Comparison of the Psychometric Properties of Essay and Multiple-Choice Questions in Math and Science for Sixth-Grade Students Based on Classical Test Theory and Item Response Theory

Afzali, Afshin; Yaghoobi, Abolghasem; Pilehvarpour, Mohamad Aref; Azizi, Kazhal; Qanei, Darya

doi:10.22034/trj.2025.142154.2067

Authors

Department of Psychology, Faculty of Economic and Social Sciences, Bu-Ali Sina University

Document Type : Research Paper

10.22034/trj.2025.142154.2067

Abstract

Introduction:This study analyzes the psychometric properties of essay and multiple-choice questions in math and science for sixth-grade students using Classical Test Theory (CTT) and Item Response Theory (IRT). There are two prominent theories for analyzing test questions: Classical Test Theory (CTT) and Item Response Theory (IRT). In CTT, the unit of analysis is the entire test, while in IRT, the unit of analysis is each individual item. CTT has been a foundational theory in measurement for several decades, defined as a simple linear model stating that the observed score on a test is the sum of the true score and measurement error. This model consists of three components: the observed score, the true score, and the error score. The central idea regarding the relationship between the true score, observed score, and measurement error provides CTT with the ability to explain factors affecting test scores. CTT is based on three assumptions: first, the correlation between error scores and true scores is zero; second, errors have a mean of zero; and third, measurements of parallel tests are uncorrelated. CTT has been used for decades as a model for assessing the reliability and validity of measurement tools. According to the literature, CTT involves three main concepts: (a) the test score, also known as the observed score, (b) the true score, and (c) error scores. CTT focuses on two main aspects: item difficulty and item discrimination. Item difficulty refers to the proportion of individuals who can correctly answer the question. Generally, the more difficult the question, the lower the percentage of individuals answering correctly. The primary index for measuring item difficulty is the difficulty index. On the other hand, item discrimination refers to the ability of an item to differentiate between "high-performing" and "low-performing" individuals. IRT is based on the assumption that the abilities of one or more participants, denoted by θ (theta), are predictable. In Item Response Theory (IRT), important parameters for each item are defined: the discrimination parameter (a), the difficulty parameter (b), and the guessing parameter (c).
Method: The sample consisted of 388 sixth-grade students from Hamadan, selected using cluster sampling.

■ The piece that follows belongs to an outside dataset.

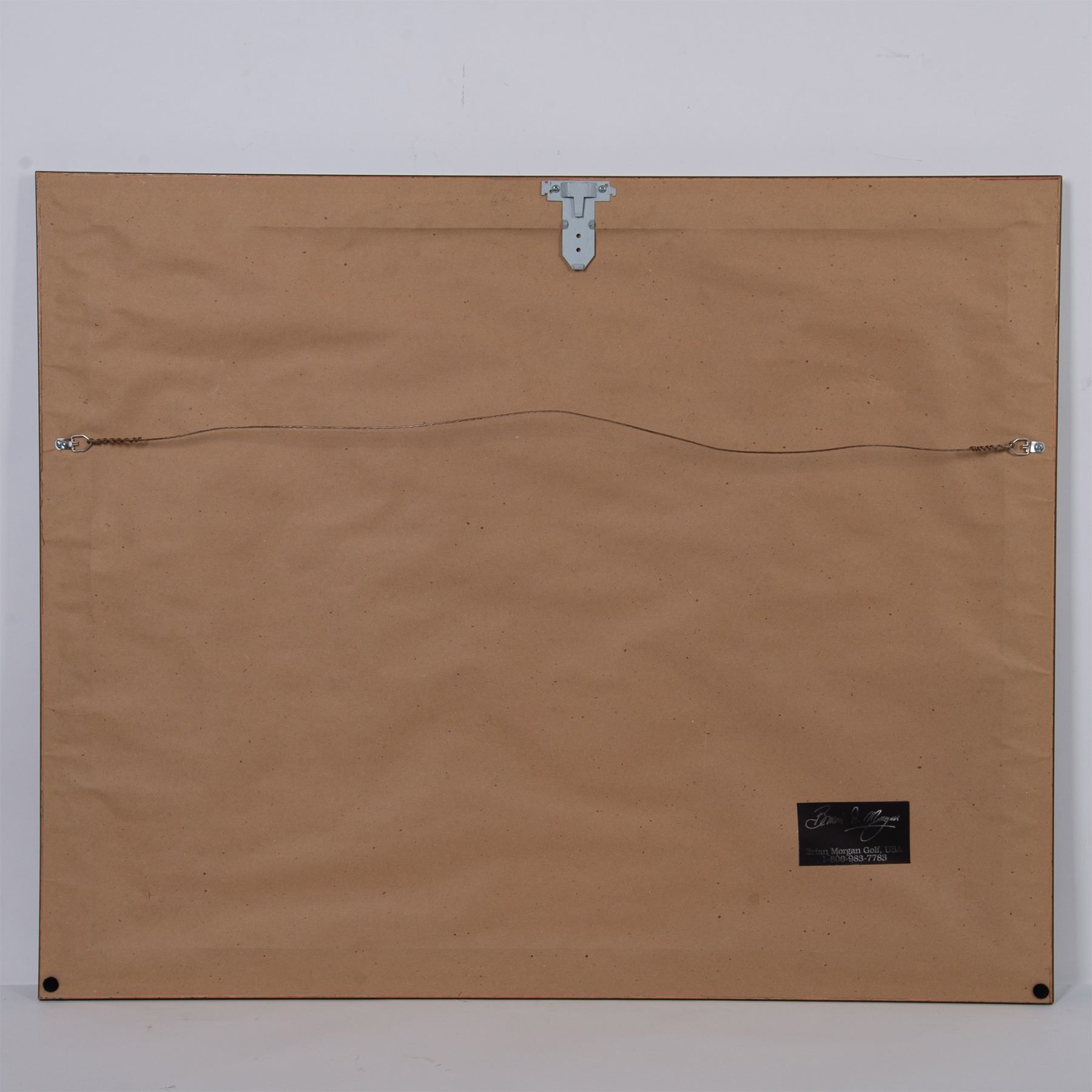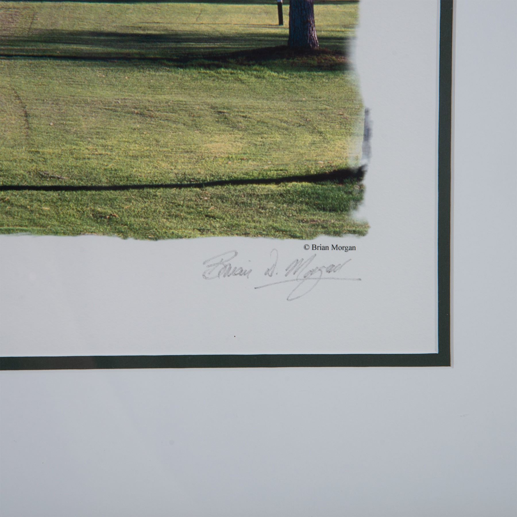 Original color poster size print on laid paper by world renowned Scottish golf photographer Brian Morgan featuring the Paradise Valley Country Club (PVCC) golf course in Arizona. Signature in graphite on lower right side: Brian D. Morgan. On reverse: tag for Brian Morgan Golf, USA. Housed in a wood frame with a white mat. Sight size: 25.50"L x 19"H. Frame dimensions: 36"L x 29.25"H x 1"W. Artwork can be unframed and rolled for shipment.

Given the study's objective to evaluate the performance of multiple-choice and essay questions in science and math, a survey approach was utilized with methods based on CTT and IRT. The study population included all sixth-grade students in Hamadan during the 2023–2024 academic year, with a sample size of 388 determined using the Morgan table. This sample was selected randomly from six schools (three girls' schools and three boys' schools). To collect data, two teacher-made tests for science and math, containing both multiple-choice and essay questions, were used. To assess validity, each test was reviewed by four teachers (with at least six years of teaching experience) and then piloted. After incorporating the experts' feedback, the tests were finalized and used for data collection. A grading (partial credit) method was used for scoring the essay questions (Saif, 2016). To analyze the results, the e-IRT software was utilized. Parameters for multiple-choice questions were estimated based on the three-parameter model, while essay questions were analyzed using the Graded Response Model.
Results: Results indicated that essay questions performed better than multiple-choice questions in both science and math. Specifically, for essay questions, the average discrimination index in science was 0.208 and in math was 0.55, while the average difficulty index in science was 2.591 and in math was 2.342, reflecting better discrimination and difficulty for essay questions. Additionally, analysis of essay questions using IRT showed that all four questions in math had a discrimination parameter above 1.35. In science, the discrimination values for the questions were 0.087, 1.090, 0.844, 1.419, and 0.533, respectively. Furthermore, the threshold parameter showed positive changes at each step in both science and math, indicating better discrimination and threshold functioning of essay questions.
The better performance of descriptive questions compared to multiple-choice questions can be attributed to several factors. Descriptive questions allow students to explore topics in depth and demonstrate critical and analytical thinking abilities. They are particularly suitable for assessing higher-order skills such as analysis, evaluation, and synthesis of information (Anderson, 2001). Unlike multiple-choice questions that restrict students to selecting one option, descriptive questions enable them to express their ideas in detail and creatively (Biggs, 2011). They also allow assessment of complex or multifaceted topics by enabling students to tailor responses based on prior knowledge and experience (Moon, 2006).Despite these advantages, descriptive questions are used less frequently for several reasons. Scoring them is time-consuming and may involve human error, leading to scorer variability (Brown, 2013). They may also demonstrate lower reliability because responses can be influenced by writing ability, fatigue, or time constraints (Gipps, 1994). Additionally, descriptive questions usually cover fewer content areas and may not provide a comprehensive assessment of the entire curriculum (Race, 2014).This study has limitations that should be considered when interpreting the findings. The types of questions used may not have fully reflected all aspects of students' abilities. Although CTT and IRT provided valuable psychometric information, they may not have captured all complex aspects of item characteristics. The study focused only on math and science; therefore, generalization to other subjects should be made cautiously. Moreover, factors such as testing conditions and student stress were not fully controlled and may have influenced the results.

Keywords

Main Subjects

Education and teaching

References

Adegoke, B.A. (2013). Comparison of Item Statistics of Physics Achievement Test using Classical Test and Item Response Theory Frameworks. Journal of Education and Practice, 4, 87-96.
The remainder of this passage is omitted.